Trazer para os nossos dias e mudar a narrativa do último museu colonial foi o desafio de Guido Gryseels, quando tomou posse como director do Museu Real para a África Central, há 18 anos. Vindo de Roma, onde durante 15 anos fora director da FAO (a agência da ONU sobre alimentação e agricultura), e com um passado sobretudo ligado à investigação científica, Gryseels confrontou-se à chegada ao museu, em 2001, com “ exatamente a mesma exposição que tinha visto em criança, no começo dos anos 50. A exposição permanente não mudara desde 1956. Portanto, ainda estávamos a mostrar a visão da Bélgica sobre a África antes da independência do Congo, que foi em 1960”. E embora a sua missão fosse sobretudo dar novo fôlego à investigação (que ocupa 75% dos recursos da instituição), rapidamente percebeu que era o museu, que tinha cristalizado, o que mais precisava de levar uma volta urgente. Em primeiro lugar, diz Gryseels, porque “o edifício tem na sua própria arquitectura um cunho colonial muito forte. Por exemplo, no seu interior, está gravado 45 vezes o duplo L do Rei Leopoldo II. Era preciso também libertá-lo um pouco desse cariz”.

Guido Gryseels ( AP )

O coração das trevas

O Museu Real para a África Central foi erigido em 1898 na localidade de Tervuren, às portas de Bruxelas. No ano anterior, para os jardins do que era então conhecido como o Palácio das Colónias, Leopoldo II trouxera 267 congoleses que foram exibidos num zoo humano, na altura um espectáculo popular. No decorrer da mostra, onde também foram expostos artefatos etnográficos, sete dos congoleses forçados a manter as suas roupas originais no Inverno europeu, morreram de constipações e gripes. Mas o sucesso da afluência de público, com mais de um milhão de belgas a visitar o parque de Tervuren, levaria à criação do Museu Real para a Africa Central no Palácio das Colónias. E ao longo da sua existência o museu apresentou o ponto de vista do colonizador.

“ A existência de estátuas com títulos como ‘A Bélgica traz a civilização ao Congo’, e uma visão dos congoleses como um povo primitivo e bárbaro, levava a que fossemos acusados de ser o último museu colonial do mundo. Era urgente mudar para um discurso mais honesto e realista”. Em 2013 o museu fechou para só reabrir em 8 de Dezembro de 2018, após um investimento total de 74 milhões de euros aplicados na grande reabilitação do velho edifício (incluindo uma nova cobertura), construção de um novo com auditórios, loja e cafetaria, além da produção da nova exposição que consumiu 9 milhões.

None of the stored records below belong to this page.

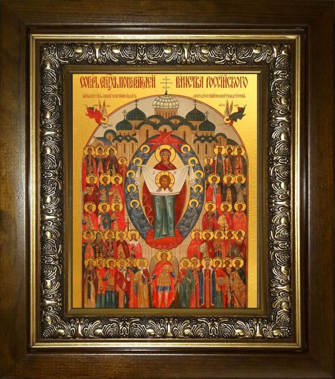 Собор святых покровителей воинства Российского 14х18 в киоте 20х24, арт. km_25_878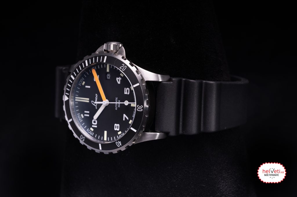 The Laco Himalaya 39 from the Squad series are characterised by their robust yet compact case and clear design. The steel case of the watch is complemented by a black rubber strap finished with a thorn buckle. The watch features a unidirectional rotating diving lunette with a ceramic insert with minute markers. The black dial features excellent clarity and legibility, which is enhanced in low-light conditions by luminescence on the hands and indices. It is protected by a convex sapphire crystal with internal anti-reflective coating, reducing glare and ensuring good readability in direct light.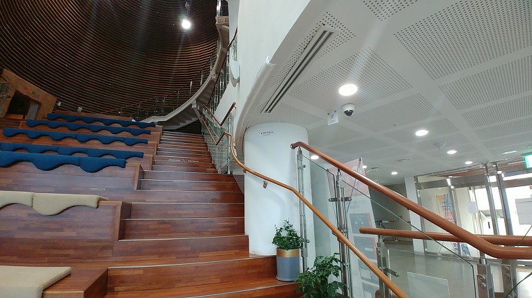 나선형 계단을 통해서 전망대로 올라가 보것 습니다"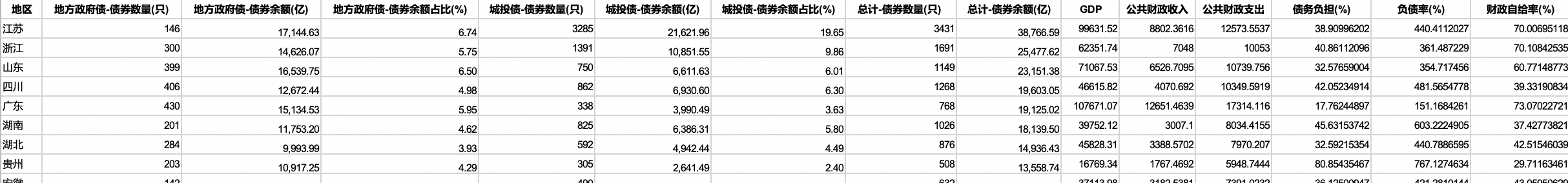 地区 | 地方政府债-债券数量(只) | 地方政府债-债券余额(亿) | 地方政府债-债券余额占比(%) | 城投债-债券数量(只) | 城投债-债券余额(亿) |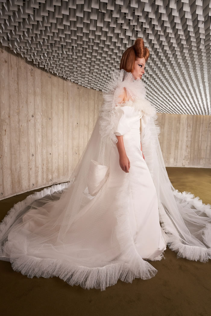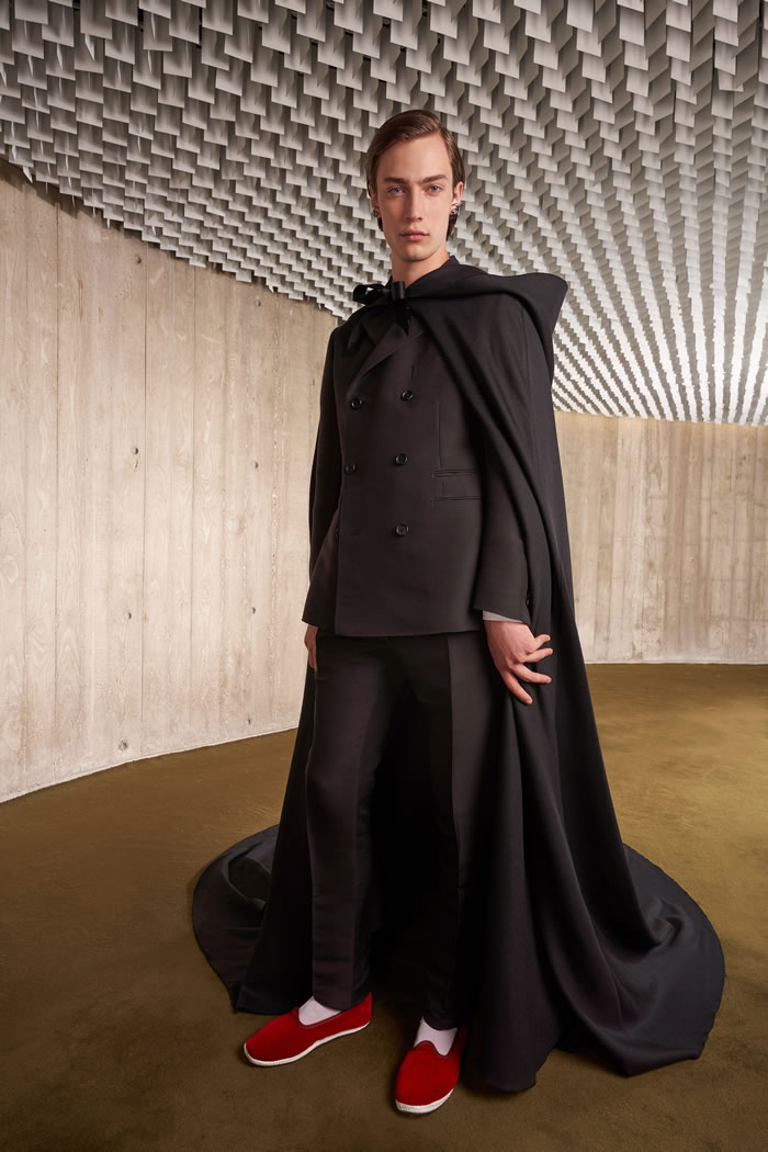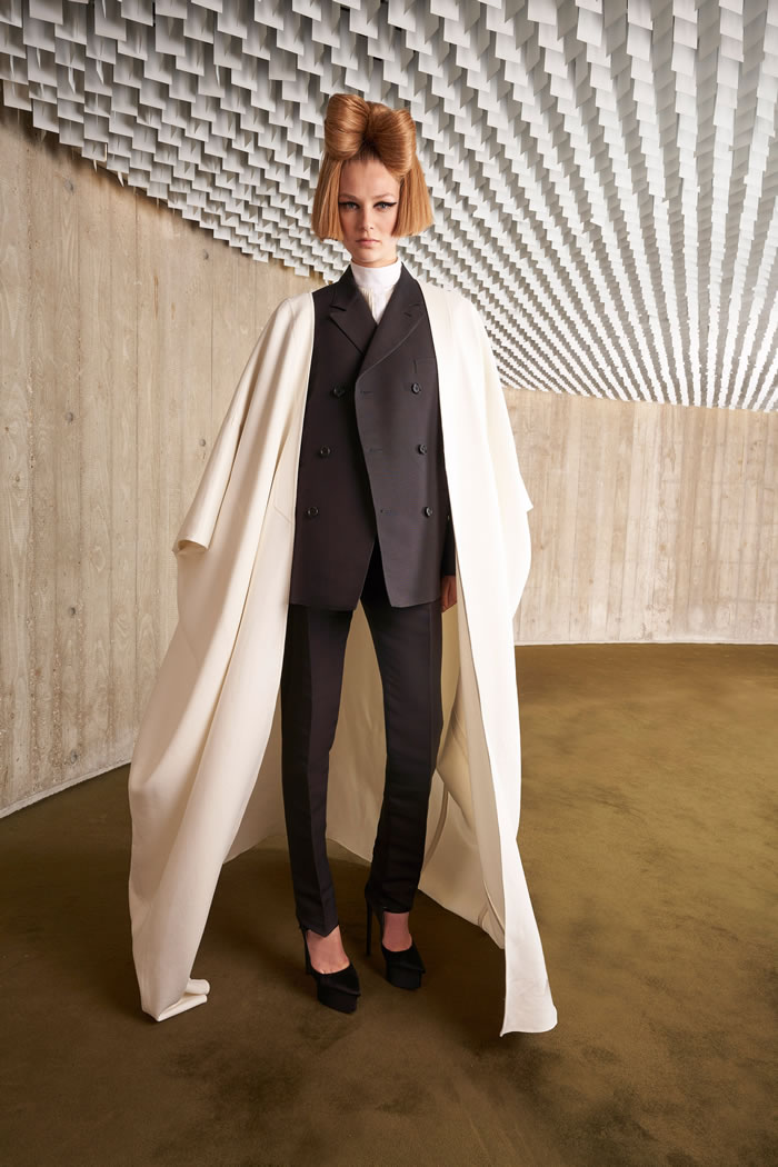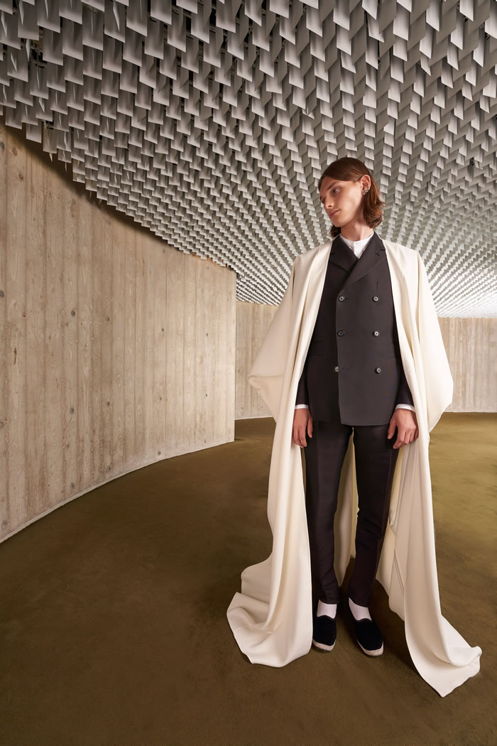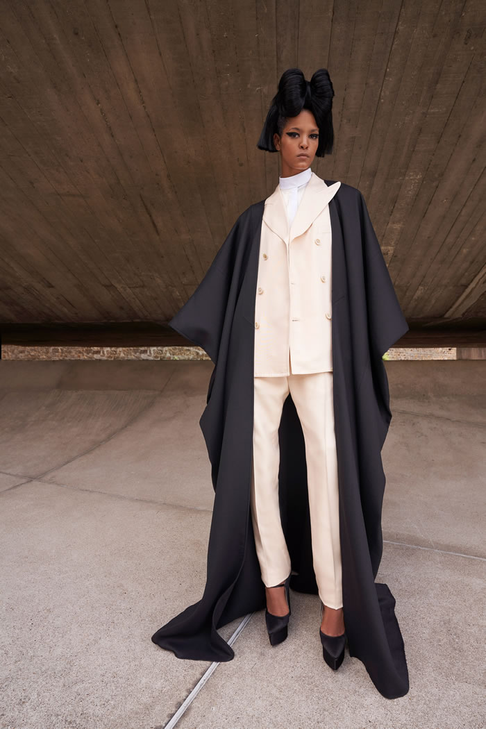 Across from them, another mood was lurking in the shadows: an obscured ballroom dress swathed in black tulle, a severely tailored shantung trouser suit dramatically covered in a black silk crêpe cape, and a clerical men’s ensemble composed of a black linen caftan with a matching cape.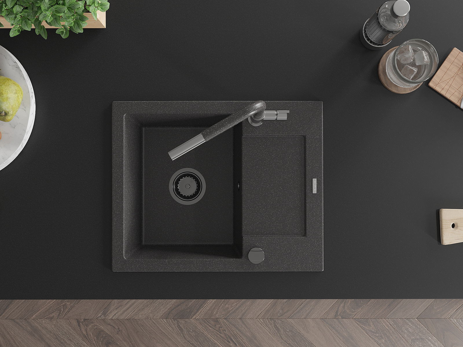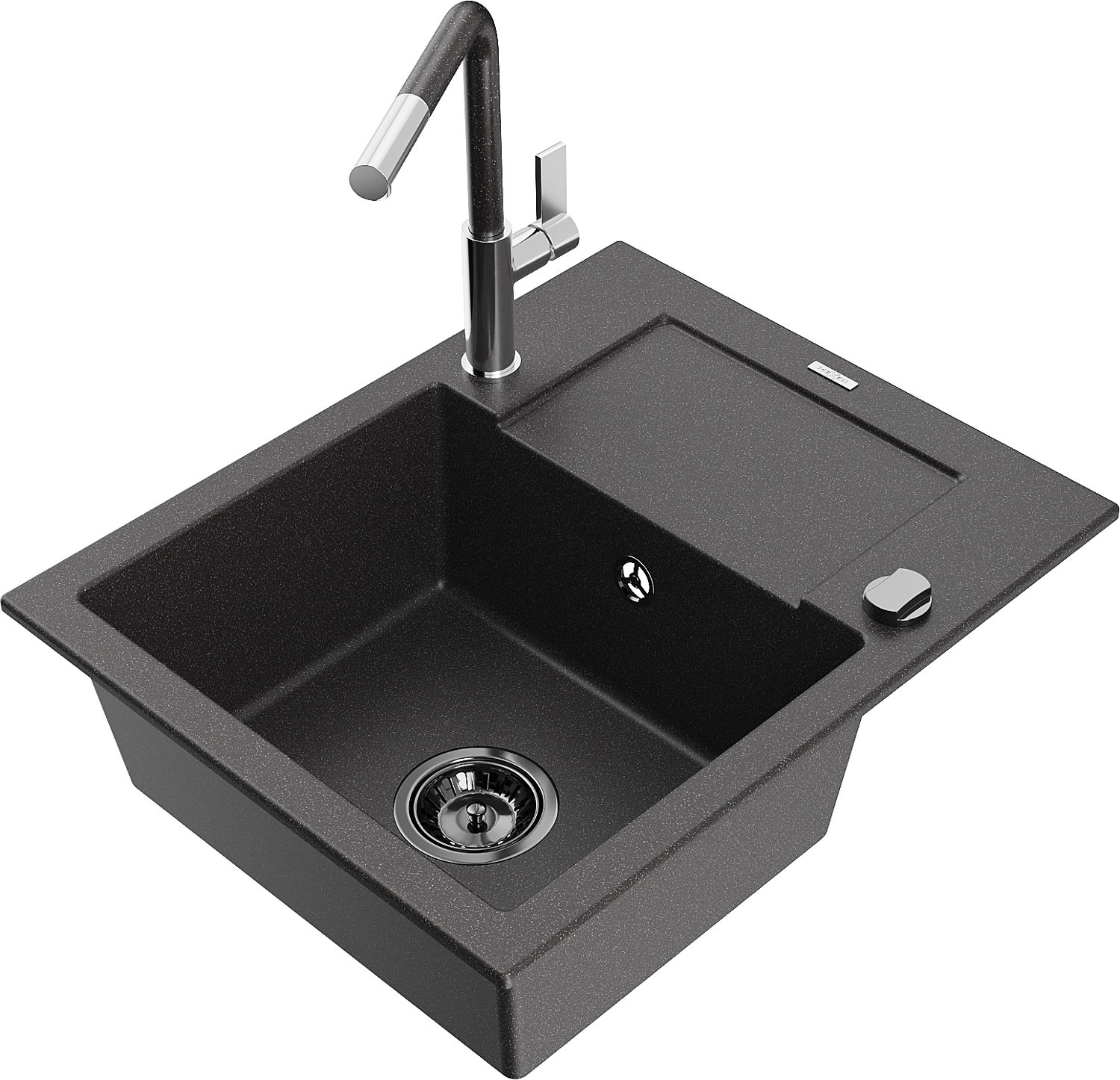 Mexen Enzo granitinė vienos kameros plautuvė su nusausinimo paviršiumi ir Flora virtuviniu maišytuvu, juodas dėmėtas

O objectivo era preparar o velho e grande museu para o século XXI. Mais fácil atualizar a infraestrutura, mais complexo reabilitar o discurso.”Queríamos fazer uma exposição sobre a África de hoje com um olhar muito mais crítico sobre o passado colonial . Isso só seria alcançado se criássemos uma colaboração muito estreita com a comunidade e a diáspora africana. Não é possível fazer um museu sobre África sem incluir os africanos”.

A participação da comunidade africana começou assim que se foi desenhada a estratégia para a reformulação do museu, conta Gryseels. “Dois anos depois, os representantes dos países africanos na Bélgica organizaram-se, criando o COMRAF (comité de diáspora africana e do museu africano), que se reunia mensalmente para avaliar e discutir a renovação do programa educativo e das exposições temporárias que foram feitas. A actual exposição permanente (que desde que abriu recebe em média 8 mil visitantes por mês) foi construída passo a passo. “Houve uma sequência de exposições temporárias. Começámos com uma em 2001, que se chamava Exit Congo, sobre como as coleções chegaram aqui a Tervuren. Foram trazidas por missionários, por professores, por funcionários públicos, soldados, e algumas vezes através de força militar brutal. Muitos dos nosso objetos vieram de saques militares”. O segundo passo deu-se em 2005, com a exposição A memória do Congo: o passado colonial. E nesta, uma exposição enorme, que ocupava 1.500 m2, a violência exercida no Congo pelo Rei Leopoldo II que de 1885 a 1908 deteve pessoalmente a propriedade do Estado Livre do Congo torna-se evidente, bem como o modelo colonial paternalista que se lhe sucedeu, com o denominado Congo Belga, quando graças ao escândalo internacional gerado pelos horrores que Leopoldo II perpretava, o território foi anexado ao Estado belga. Foram as atrocidades de Leopoldo II, que se diz ter dizimado metade da população de congoleses, que inspiraria Joseph Conrad a escrever, em 1899, o Coração das Trevas, mais tarde o fio condutor de Apocalipse Now, de Francis Ford Coppola.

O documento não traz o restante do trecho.